• EXERCISE BRIEF:
Skip the pictures. Retype exactly, and only, the lines between the line holding "O projeto Entre" and the last line below, inclusive.

• SOURCE DATA:
§

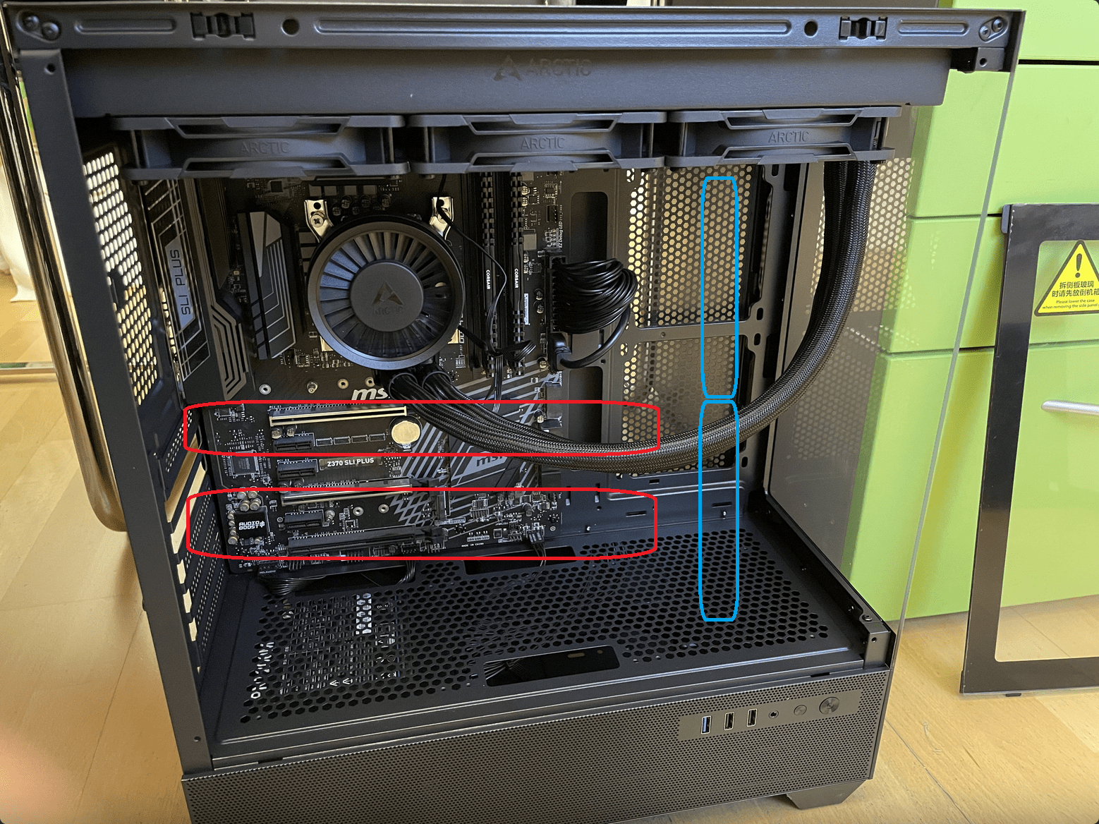 Auf der Grafik würde vielleicht der untere ausreichen, aber ich selbst versuche auch die Oberseite der GPUs zu belüften, da ja Wärme bekanntlich nach oben steigt und auch die Platine/Backplate ja welche abstrahlt, die ja dann bei Speicher, CPU und Stromversorgung des Boards landet ;)
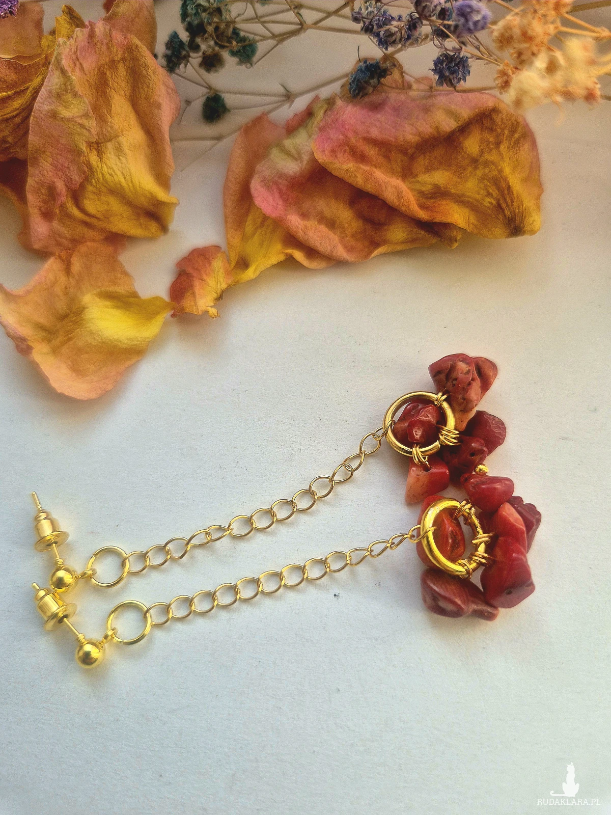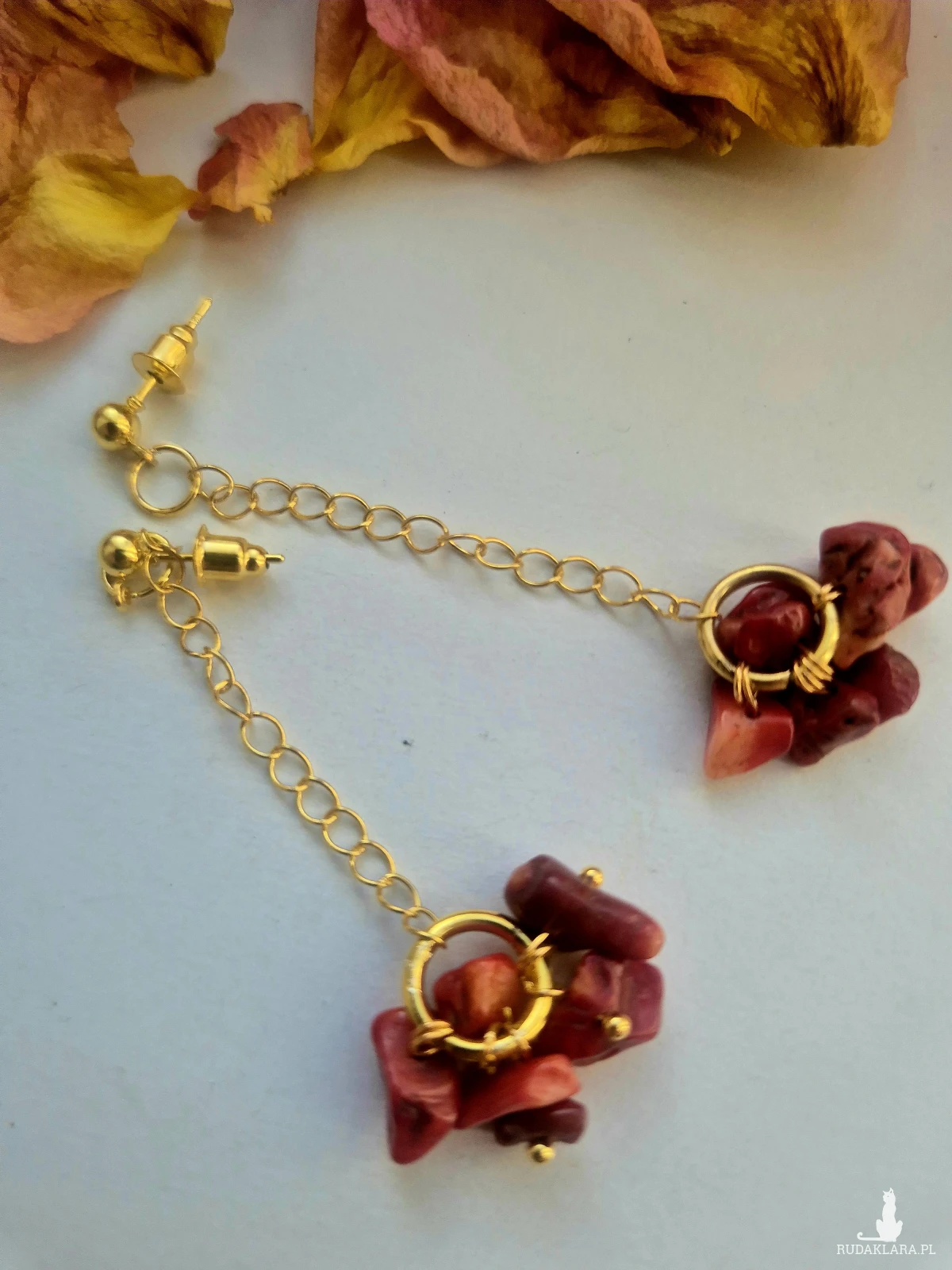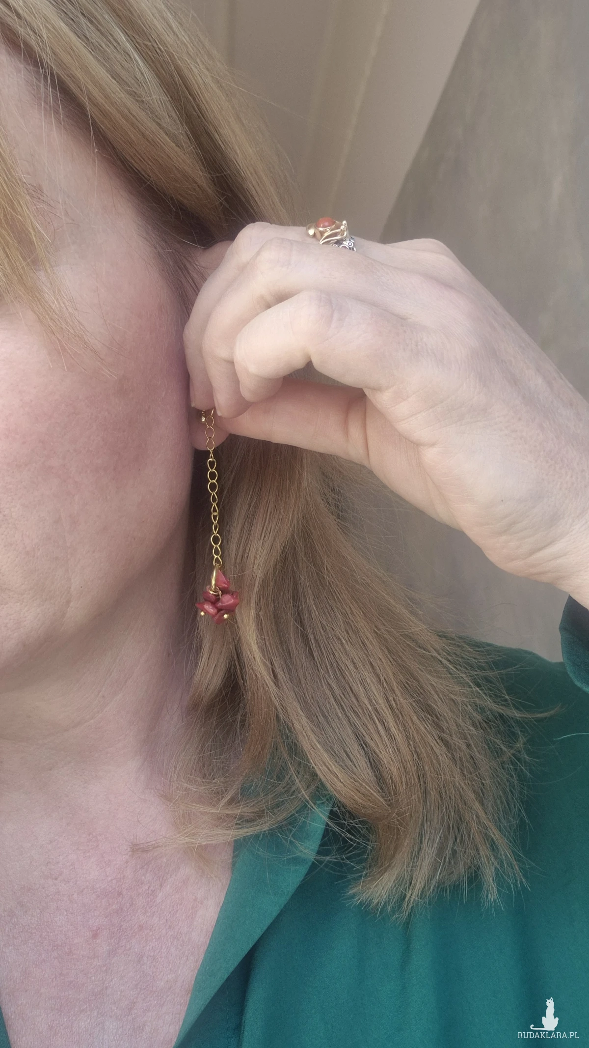 Kolczyki munerały koral sieczka,końcówka ze stali nierdzewnej, nie uczulające, polecam box x1
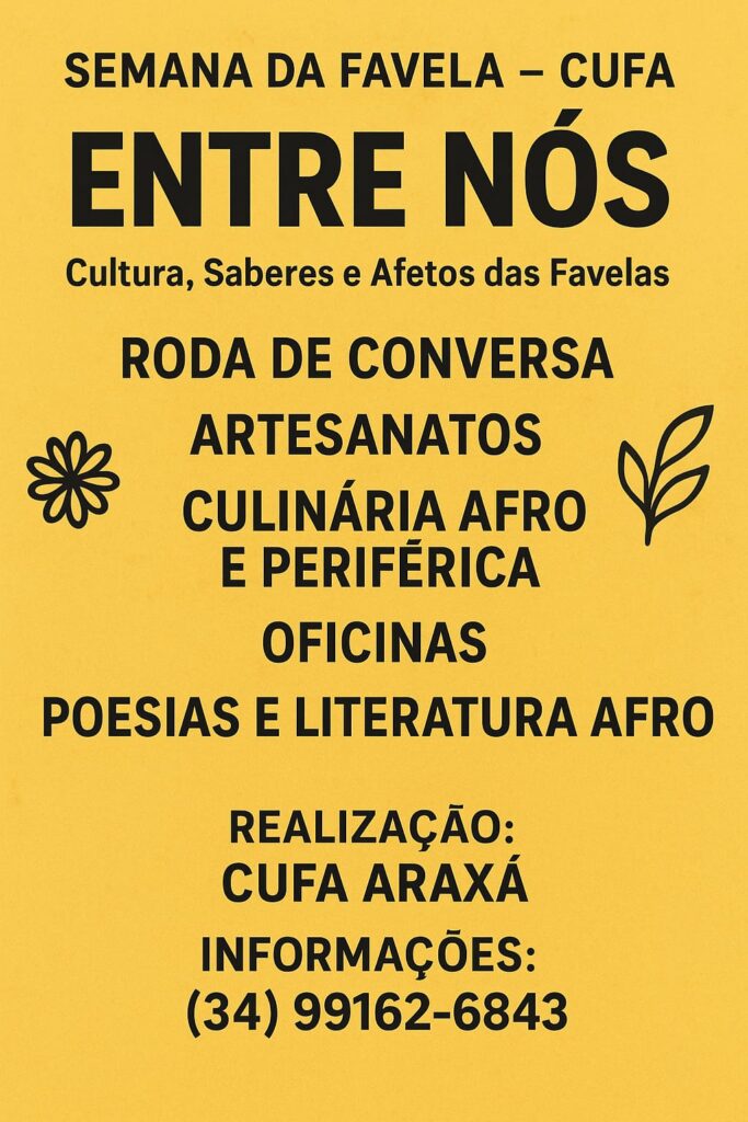 O projeto Entre Nós – Cultura, Saberes e Afetos das Favelas surge no contexto da Semana da Favela da CUFA entre os dias 04 a 10/11, como uma celebração da potência criativa e coletiva das comunidades periféricas.
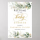 O Eucalyptus moderno deixa o sinal de boas-vindas de ouro poster 24x36 para Chá de fraldas, Contacte-me para obter itens correspondentes ou para personalização, Rosas de Blush ©

§

• EXERCISE RESPONSE:
 O projeto Entre Nós – Cultura, Saberes e Afetos das Favelas surge no contexto da Semana da Favela da CUFA entre os dias 04 a 10/11, como uma celebração da potência criativa e coletiva das comunidades periféricas.
 O Eucalyptus moderno deixa o sinal de boas-vindas de ouro poster 24x36 para Chá de fraldas, Contacte-me para obter itens correspondentes ou para personalização, Rosas de Blush ©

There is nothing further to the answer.